> TO DO: Set down, exactly and only, everything from the line containing "Rachael Ruched Sleeve" down to the line containing "Example 1.1 (Arctic" in the data below; the pictures are not part of the copy.

> ENTRIES SUPPLIED:
"""

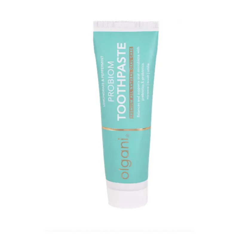 Olgani’s Probiom toothpaste is free of fluoride, glycerine, sorbitol, artificial preservatives, GMOs, taste enhancers, dyes, abrasives, foaming agents, titanium dioxide, artificial sweeteners, and fillers.
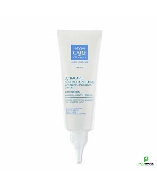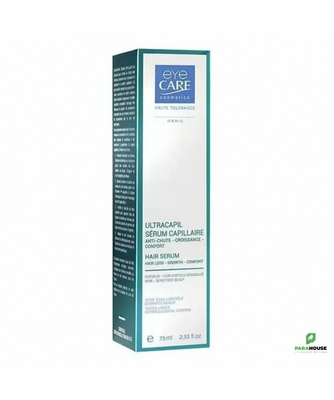 EYE CARE ULTRACAPIL SERUM CAPILAIRE ANTI CHUTE 75ML EYE CARE ULTRACAPIL SERUM est un soin nutritif intensif particulièrement concentré en actifs naturels ciblés, pour dynamiser le bulbe capillaire et améliorer l’ancrage des cheveux tout en apaisant les sensations d’inconfort du cuir chevelu. Ce Soin de cheveux est destiné aux personnes souffrant de chute de cheveux et/ou de perte de densité capillaire notamment liées à des causes hormonales (suite de grossesse, ménopause…), liées à la saisonnalité, mais également liées à des traitements médicamenteux dont des personnes en cours de traitement chimiothérapique et dans le cas d’alopécie androgénique. Il contribue à freiner la chute des cheveux, les renforcer, et densifier la chevelure et agit à tous les niveaux du mécanisme de la pousse des cheveux. Ses actifs naturels spécifiques (Scutellaire de Baïkal, extrait d’oignon, Niacinamide, germes de blé et soja) participent à la régulation de la chute, apportent vigueur et vitalité pour augmenter la masse capillaire et renforcer la fibre capillaire. Le cuir chevelu est apaisé et le cheveu est fortifié, mieux ancré et plus dense. Formulé avec de l'extrait de Cynanchum, ULTRACAPIL SERUM CAPILAIRE apaise le cuir chevelu , et diminue les démangeaisons, liées à un cuir chevelu irrité ou au port de perruques. Ralentit la chute du cheveu Réactive la pousse Favorise la croissance Favorise la fortification Possède une action apaisante, anti-démangeaison du cuir chevelu notamment dans le cadre du port de perruques. Composition : Aqua (Water), Glycerin, Niacinamide, Propanediol, Butylene Glycol, Phenethyl Alcohol, Polyacrylate Crosspolymer-6, Sodium Phosphate, Arginine, Lactic Acid, Allium Cepa Bulb Extract, Glycine Soja Germ Extract, Triticum Vulgare Germ Extract, Disodium Phosphate, Gluconolactone, Sodium Benzoate, Scutellaria Baicalensis Root Extract, Potassium Sorbate, Cynanchum Atratum Extract, Panthenol, Calcium Gluconate, Biotinoyl Tripeptide-1 (LRC01/1) 90% d’ingrédients d’origine naturelle Conseils d'utilisation : Appliquer 2 à 3 fois par semaine, raie par raie sur cuir chevelu propre et encore humide à l’aide de l’embout précision. Masser par mouvements circulaires jusqu’à pénétration complète. Ne pas rincer. Laisser sécher. Une fois sec le cheveu peut avoir tendance à "cartonner" légèrement. Brosser jusqu'à ce que le cheveu retrouve sa souplesse. Pour un résultat optimal, ce soin capillaire est à réaliser en cure de 3 mois.
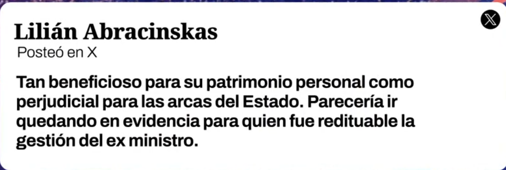 Abracinskas había citado un tuit del periodista Eduardo Preve en el que señalaba que García había aumentado su patrimonio entre 2019 y 2025 en un total de $16.6 millones. "Tan beneficioso para su patrimonio personal como perjudicial para las arcas del Estado. Parecería ir quedando en evidencia para quien fue redituable la gestión del ex ministro", escribió Abracinskas.
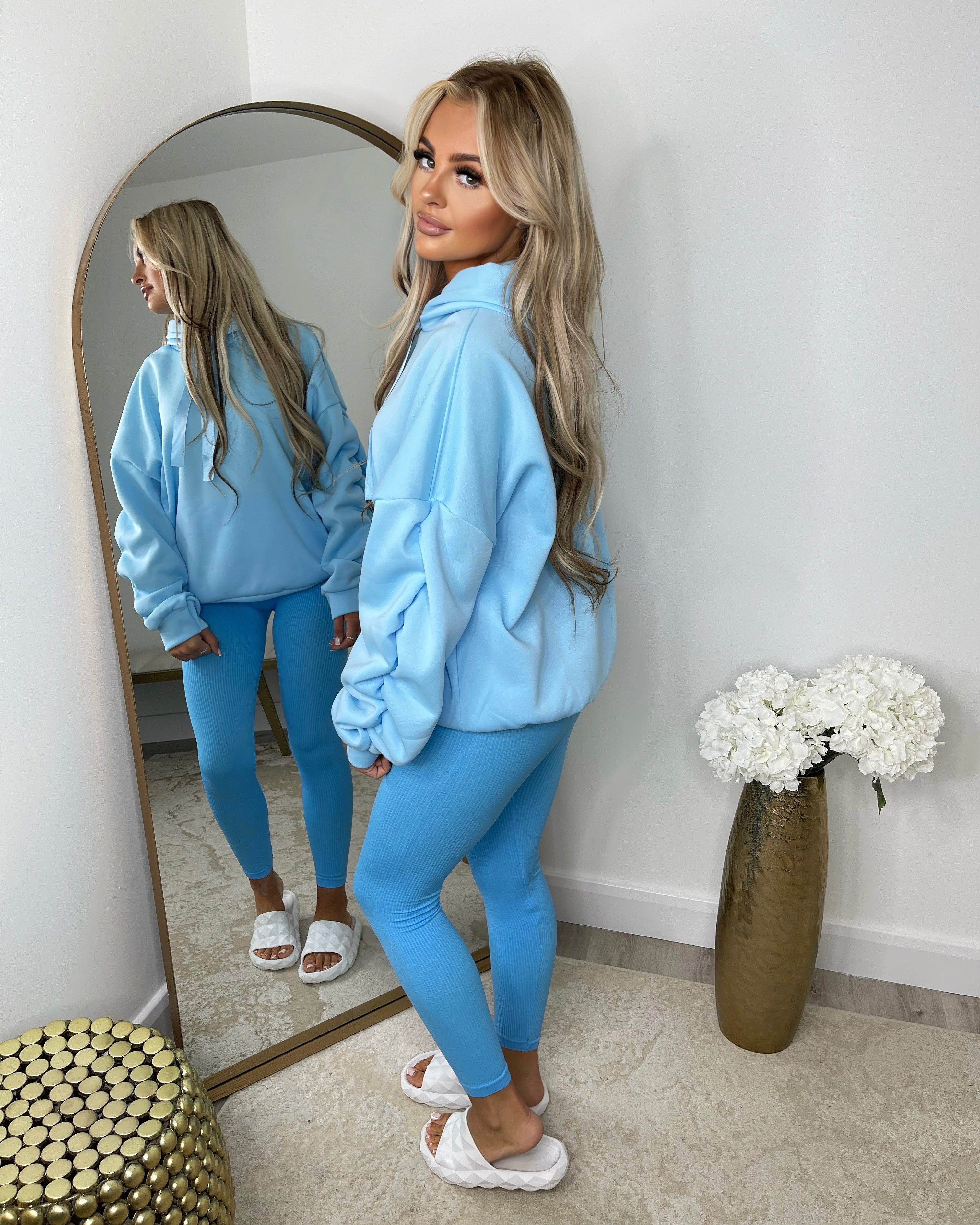 Rachael Ruched Sleeve Hoodie with Ribbon Detail - Baby Blue
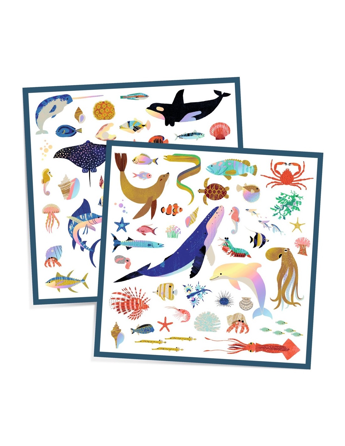 Explora el misteriós món marí i deixa que la teva creativitat flueixi amb els Stickers Metal·litzats Oceà de Djeco. Submergeix-te en la diversió artística mentre descobreixes la riquesa i la varietat de la vida marina a través d'aquests encantadors adhesius que transformaran cada projecte en una obra mestra submarina.
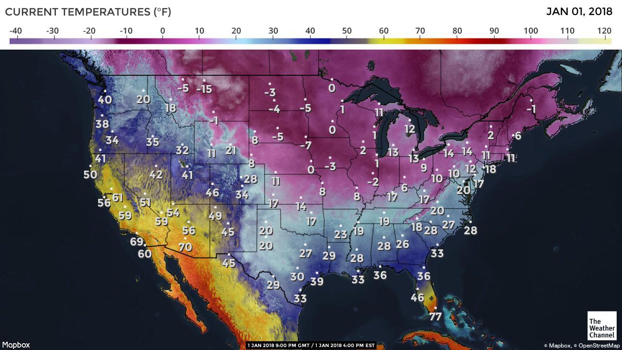 Example 1.1 (Arctic Outbreak) “Arctic air has returned to the Lower 48 and will keep frigid conditions in place across the nation’s northern tier into at least the first few days of 2018”. See details in https://weather.com/forecast/national/news/2017-12-18-arctic-cold-outbreak-forecast-christmas-2017.
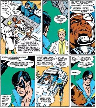 Los siguientes tres episodios van a traer nuevamente a Wildebeest, el primero con la dupla de Perez y McLeod en el dibujo, a la que a partir del nº 58 se le van a sumar los lápices de Tom Grummet, porque Perez se va a encargar solo de la puesta en página. La parte argumental sigue a cargo de los creadores de la serie, con diálogos de Wolfman. La historia está bastante estirada al pedo. Los Titans son atacados por el villano y cuando consiguen capturarlo, resulta que bajo la máscara se encuentra Cyborg, que estaba desaparecido. Así es como se enteran que en la última reparación que le hicieron, algún científico le metió algo en su programación para controlarlo y no saben en quién pueden confiar dentro de STAR Labs. Esto pone en riesgo la vida de Vic, que tiene que ser intervenido, pero los Titans están llenos de dudas por todo lo sucedido, al tiempo que tratan de rastrear al verdadero Wildebeest. Al final, como era de esperar, Cyborg se salva, pero descubren que STAR tenía acceso a sus memorias y que era de donde el villano obtenía la información. Por otro lado, cuando el villano es capturado, cae en una especie de catatonia y queda hospitalizado en un psiquiátrico, tras una breve pelea con Jericho, que se encontraba dentro del cuerpo de Vic. A diferencia de otras veces en que todo parece apurado, acá se toman demasiado tiempo para contar algo que no lo justificaba.
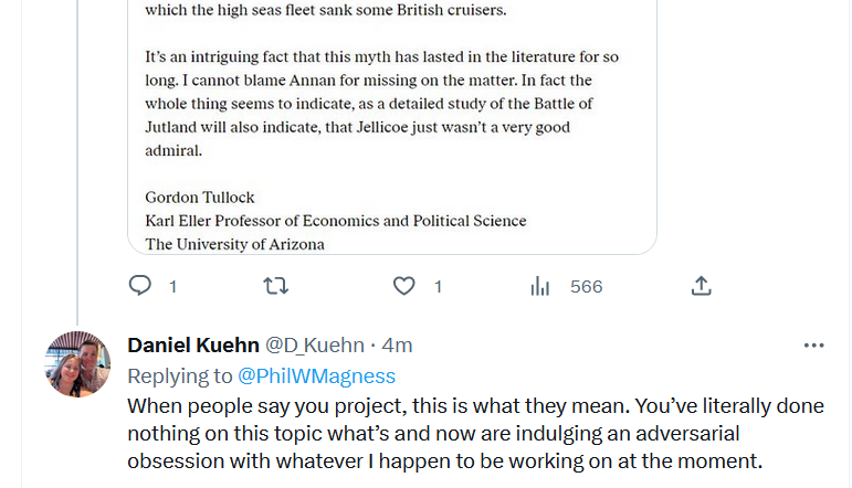 Even stranger: I am easily the object of a large plurality of Kuehn's attention on this site even though he also plays a bizarre ding-dong-ditch game of block/reply/block with my account
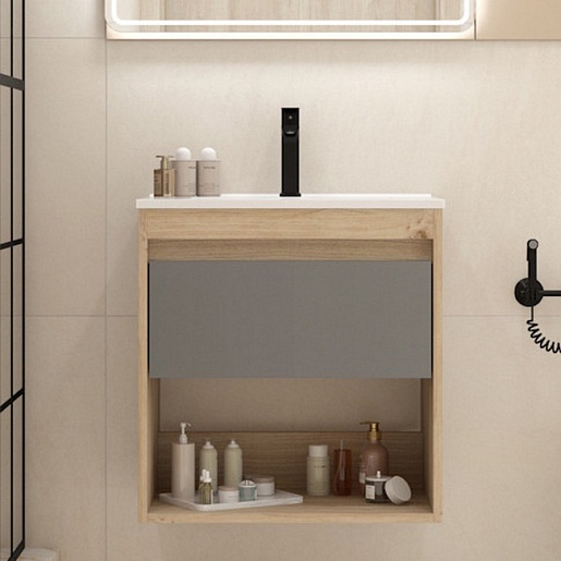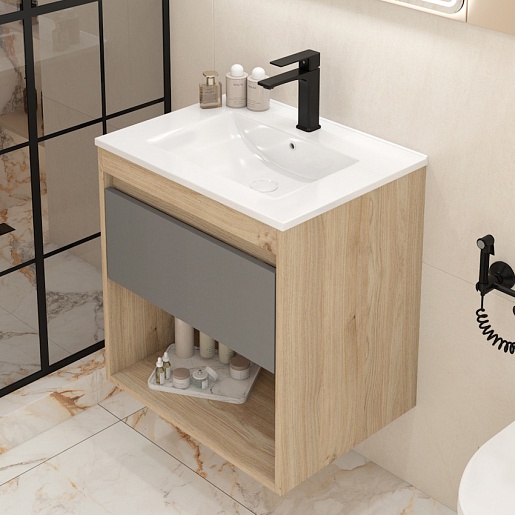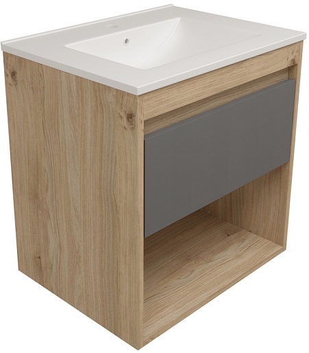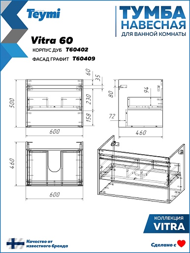 Подвесная тумба с раковиной Teymi Vitra 60 дуб/графит - арт. T60402 / T60409 / T51002.

"""

> WRITTEN SOLUTION:
 Rachael Ruched Sleeve Hoodie with Ribbon Detail - Baby Blue
 Explora el misteriós món marí i deixa que la teva creativitat flueixi amb els Stickers Metal·litzats Oceà de Djeco. Submergeix-te en la diversió artística mentre descobreixes la riquesa i la varietat de la vida marina a través d'aquests encantadors adhesius que transformaran cada projecte en una obra mestra submarina.
 Example 1.1 (Arctic Outbreak) “Arctic air has returned to the Lower 48 and will keep frigid conditions in place across the nation’s northern tier into at least the first few days of 2018”. See details in https://weather.com/forecast/national/news/2017-12-18-arctic-cold-outbreak-forecast-christmas-2017.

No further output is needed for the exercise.